Task prompt:
The records that follow are to be reproduced verbatim.

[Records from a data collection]
────

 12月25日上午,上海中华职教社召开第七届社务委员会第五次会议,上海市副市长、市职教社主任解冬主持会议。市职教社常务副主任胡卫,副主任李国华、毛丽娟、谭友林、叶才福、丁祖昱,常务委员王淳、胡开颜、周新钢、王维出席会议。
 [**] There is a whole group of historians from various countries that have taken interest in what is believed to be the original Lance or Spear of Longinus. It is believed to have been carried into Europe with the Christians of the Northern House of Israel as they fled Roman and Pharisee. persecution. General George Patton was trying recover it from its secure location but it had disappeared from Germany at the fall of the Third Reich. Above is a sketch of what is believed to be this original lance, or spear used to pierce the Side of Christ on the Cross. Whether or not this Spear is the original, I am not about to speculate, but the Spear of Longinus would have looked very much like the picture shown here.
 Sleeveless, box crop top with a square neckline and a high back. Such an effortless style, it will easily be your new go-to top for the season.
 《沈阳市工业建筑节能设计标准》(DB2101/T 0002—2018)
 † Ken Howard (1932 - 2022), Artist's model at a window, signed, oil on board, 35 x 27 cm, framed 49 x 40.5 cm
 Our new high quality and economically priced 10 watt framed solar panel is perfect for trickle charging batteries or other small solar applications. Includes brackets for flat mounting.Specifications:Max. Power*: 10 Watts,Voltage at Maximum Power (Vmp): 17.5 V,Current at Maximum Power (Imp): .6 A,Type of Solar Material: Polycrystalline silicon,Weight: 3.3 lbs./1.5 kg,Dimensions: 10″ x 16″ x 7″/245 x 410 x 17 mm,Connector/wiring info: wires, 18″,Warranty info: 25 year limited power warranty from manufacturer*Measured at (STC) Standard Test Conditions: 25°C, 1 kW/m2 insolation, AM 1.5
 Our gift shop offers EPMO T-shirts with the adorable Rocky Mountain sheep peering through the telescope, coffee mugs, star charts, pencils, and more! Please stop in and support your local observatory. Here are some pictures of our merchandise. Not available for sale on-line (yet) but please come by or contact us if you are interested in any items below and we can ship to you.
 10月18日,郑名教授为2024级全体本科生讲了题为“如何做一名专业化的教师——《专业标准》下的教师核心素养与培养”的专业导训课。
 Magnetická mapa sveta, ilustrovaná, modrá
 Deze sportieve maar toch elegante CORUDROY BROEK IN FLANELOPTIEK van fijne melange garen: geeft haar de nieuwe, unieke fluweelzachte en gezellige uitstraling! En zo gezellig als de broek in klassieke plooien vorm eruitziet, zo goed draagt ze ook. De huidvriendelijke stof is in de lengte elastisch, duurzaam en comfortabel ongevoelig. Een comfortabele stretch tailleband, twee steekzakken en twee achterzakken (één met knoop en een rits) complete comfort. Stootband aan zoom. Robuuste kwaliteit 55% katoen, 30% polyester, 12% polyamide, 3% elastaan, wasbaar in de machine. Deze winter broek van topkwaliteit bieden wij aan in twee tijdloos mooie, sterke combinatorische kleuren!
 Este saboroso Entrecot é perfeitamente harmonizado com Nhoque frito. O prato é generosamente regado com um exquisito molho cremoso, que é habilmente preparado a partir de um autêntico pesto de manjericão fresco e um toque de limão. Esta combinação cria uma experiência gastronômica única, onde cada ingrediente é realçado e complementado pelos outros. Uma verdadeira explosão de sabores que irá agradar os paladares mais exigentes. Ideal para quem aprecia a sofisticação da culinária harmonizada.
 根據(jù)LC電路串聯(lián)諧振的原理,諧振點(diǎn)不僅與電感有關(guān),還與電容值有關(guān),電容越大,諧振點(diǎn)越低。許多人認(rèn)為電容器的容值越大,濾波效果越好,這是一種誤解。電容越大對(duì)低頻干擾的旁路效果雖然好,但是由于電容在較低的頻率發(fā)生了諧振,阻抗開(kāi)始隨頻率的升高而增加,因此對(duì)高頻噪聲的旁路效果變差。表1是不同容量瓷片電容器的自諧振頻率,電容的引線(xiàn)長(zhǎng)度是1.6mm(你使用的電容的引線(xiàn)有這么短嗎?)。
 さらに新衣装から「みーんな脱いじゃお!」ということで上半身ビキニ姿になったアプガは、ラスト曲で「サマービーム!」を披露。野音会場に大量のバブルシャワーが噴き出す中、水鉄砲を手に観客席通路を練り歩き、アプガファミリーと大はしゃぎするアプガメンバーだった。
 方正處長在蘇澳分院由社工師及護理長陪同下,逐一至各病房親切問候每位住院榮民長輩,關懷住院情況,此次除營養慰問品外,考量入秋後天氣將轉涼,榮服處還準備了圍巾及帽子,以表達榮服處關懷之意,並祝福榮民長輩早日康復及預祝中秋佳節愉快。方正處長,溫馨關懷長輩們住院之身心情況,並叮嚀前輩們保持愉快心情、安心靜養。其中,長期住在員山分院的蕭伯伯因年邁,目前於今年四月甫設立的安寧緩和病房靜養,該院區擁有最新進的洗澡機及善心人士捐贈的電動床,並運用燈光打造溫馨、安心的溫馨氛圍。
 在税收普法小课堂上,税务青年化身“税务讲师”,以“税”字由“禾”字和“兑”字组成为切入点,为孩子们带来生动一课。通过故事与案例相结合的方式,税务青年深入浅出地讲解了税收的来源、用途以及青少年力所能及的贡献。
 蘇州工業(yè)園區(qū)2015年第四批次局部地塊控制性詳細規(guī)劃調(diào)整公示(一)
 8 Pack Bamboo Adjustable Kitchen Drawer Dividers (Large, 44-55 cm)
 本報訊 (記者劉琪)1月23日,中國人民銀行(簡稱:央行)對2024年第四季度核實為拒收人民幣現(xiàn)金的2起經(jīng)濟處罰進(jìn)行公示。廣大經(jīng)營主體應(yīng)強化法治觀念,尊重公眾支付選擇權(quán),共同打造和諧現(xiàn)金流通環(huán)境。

────

Answer for this exercise:
 12月25日上午,上海中华职教社召开第七届社务委员会第五次会议,上海市副市长、市职教社主任解冬主持会议。市职教社常务副主任胡卫,副主任李国华、毛丽娟、谭友林、叶才福、丁祖昱,常务委员王淳、胡开颜、周新钢、王维出席会议。
 [**] There is a whole group of historians from various countries that have taken interest in what is believed to be the original Lance or Spear of Longinus. It is believed to have been carried into Europe with the Christians of the Northern House of Israel as they fled Roman and Pharisee. persecution. General George Patton was trying recover it from its secure location but it had disappeared from Germany at the fall of the Third Reich. Above is a sketch of what is believed to be this original lance, or spear used to pierce the Side of Christ on the Cross. Whether or not this Spear is the original, I am not about to speculate, but the Spear of Longinus would have looked very much like the picture shown here.
 Sleeveless, box crop top with a square neckline and a high back. Such an effortless style, it will easily be your new go-to top for the season.
 《沈阳市工业建筑节能设计标准》(DB2101/T 0002—2018)
 † Ken Howard (1932 - 2022), Artist's model at a window, signed, oil on board, 35 x 27 cm, framed 49 x 40.5 cm
 Our new high quality and economically priced 10 watt framed solar panel is perfect for trickle charging batteries or other small solar applications. Includes brackets for flat mounting.Specifications:Max. Power*: 10 Watts,Voltage at Maximum Power (Vmp): 17.5 V,Current at Maximum Power (Imp): .6 A,Type of Solar Material: Polycrystalline silicon,Weight: 3.3 lbs./1.5 kg,Dimensions: 10″ x 16″ x 7″/245 x 410 x 17 mm,Connector/wiring info: wires, 18″,Warranty info: 25 year limited power warranty from manufacturer*Measured at (STC) Standard Test Conditions: 25°C, 1 kW/m2 insolation, AM 1.5
 Our gift shop offers EPMO T-shirts with the adorable Rocky Mountain sheep peering through the telescope, coffee mugs, star charts, pencils, and more! Please stop in and support your local observatory. Here are some pictures of our merchandise. Not available for sale on-line (yet) but please come by or contact us if you are interested in any items below and we can ship to you.
 10月18日,郑名教授为2024级全体本科生讲了题为“如何做一名专业化的教师——《专业标准》下的教师核心素养与培养”的专业导训课。
 Magnetická mapa sveta, ilustrovaná, modrá
 Deze sportieve maar toch elegante CORUDROY BROEK IN FLANELOPTIEK van fijne melange garen: geeft haar de nieuwe, unieke fluweelzachte en gezellige uitstraling! En zo gezellig als de broek in klassieke plooien vorm eruitziet, zo goed draagt ze ook. De huidvriendelijke stof is in de lengte elastisch, duurzaam en comfortabel ongevoelig. Een comfortabele stretch tailleband, twee steekzakken en twee achterzakken (één met knoop en een rits) complete comfort. Stootband aan zoom. Robuuste kwaliteit 55% katoen, 30% polyester, 12% polyamide, 3% elastaan, wasbaar in de machine. Deze winter broek van topkwaliteit bieden wij aan in twee tijdloos mooie, sterke combinatorische kleuren!
 Este saboroso Entrecot é perfeitamente harmonizado com Nhoque frito. O prato é generosamente regado com um exquisito molho cremoso, que é habilmente preparado a partir de um autêntico pesto de manjericão fresco e um toque de limão. Esta combinação cria uma experiência gastronômica única, onde cada ingrediente é realçado e complementado pelos outros. Uma verdadeira explosão de sabores que irá agradar os paladares mais exigentes. Ideal para quem aprecia a sofisticação da culinária harmonizada.
 根據(jù)LC電路串聯(lián)諧振的原理,諧振點(diǎn)不僅與電感有關(guān),還與電容值有關(guān),電容越大,諧振點(diǎn)越低。許多人認(rèn)為電容器的容值越大,濾波效果越好,這是一種誤解。電容越大對(duì)低頻干擾的旁路效果雖然好,但是由于電容在較低的頻率發(fā)生了諧振,阻抗開(kāi)始隨頻率的升高而增加,因此對(duì)高頻噪聲的旁路效果變差。表1是不同容量瓷片電容器的自諧振頻率,電容的引線(xiàn)長(zhǎng)度是1.6mm(你使用的電容的引線(xiàn)有這么短嗎?)。
 さらに新衣装から「みーんな脱いじゃお!」ということで上半身ビキニ姿になったアプガは、ラスト曲で「サマービーム!」を披露。野音会場に大量のバブルシャワーが噴き出す中、水鉄砲を手に観客席通路を練り歩き、アプガファミリーと大はしゃぎするアプガメンバーだった。
 方正處長在蘇澳分院由社工師及護理長陪同下,逐一至各病房親切問候每位住院榮民長輩,關懷住院情況,此次除營養慰問品外,考量入秋後天氣將轉涼,榮服處還準備了圍巾及帽子,以表達榮服處關懷之意,並祝福榮民長輩早日康復及預祝中秋佳節愉快。方正處長,溫馨關懷長輩們住院之身心情況,並叮嚀前輩們保持愉快心情、安心靜養。其中,長期住在員山分院的蕭伯伯因年邁,目前於今年四月甫設立的安寧緩和病房靜養,該院區擁有最新進的洗澡機及善心人士捐贈的電動床,並運用燈光打造溫馨、安心的溫馨氛圍。
 在税收普法小课堂上,税务青年化身“税务讲师”,以“税”字由“禾”字和“兑”字组成为切入点,为孩子们带来生动一课。通过故事与案例相结合的方式,税务青年深入浅出地讲解了税收的来源、用途以及青少年力所能及的贡献。
 蘇州工業(yè)園區(qū)2015年第四批次局部地塊控制性詳細規(guī)劃調(diào)整公示(一)
 8 Pack Bamboo Adjustable Kitchen Drawer Dividers (Large, 44-55 cm)
 本報訊 (記者劉琪)1月23日,中國人民銀行(簡稱:央行)對2024年第四季度核實為拒收人民幣現(xiàn)金的2起經(jīng)濟處罰進(jìn)行公示。廣大經(jīng)營主體應(yīng)強化法治觀念,尊重公眾支付選擇權(quán),共同打造和諧現(xiàn)金流通環(huán)境。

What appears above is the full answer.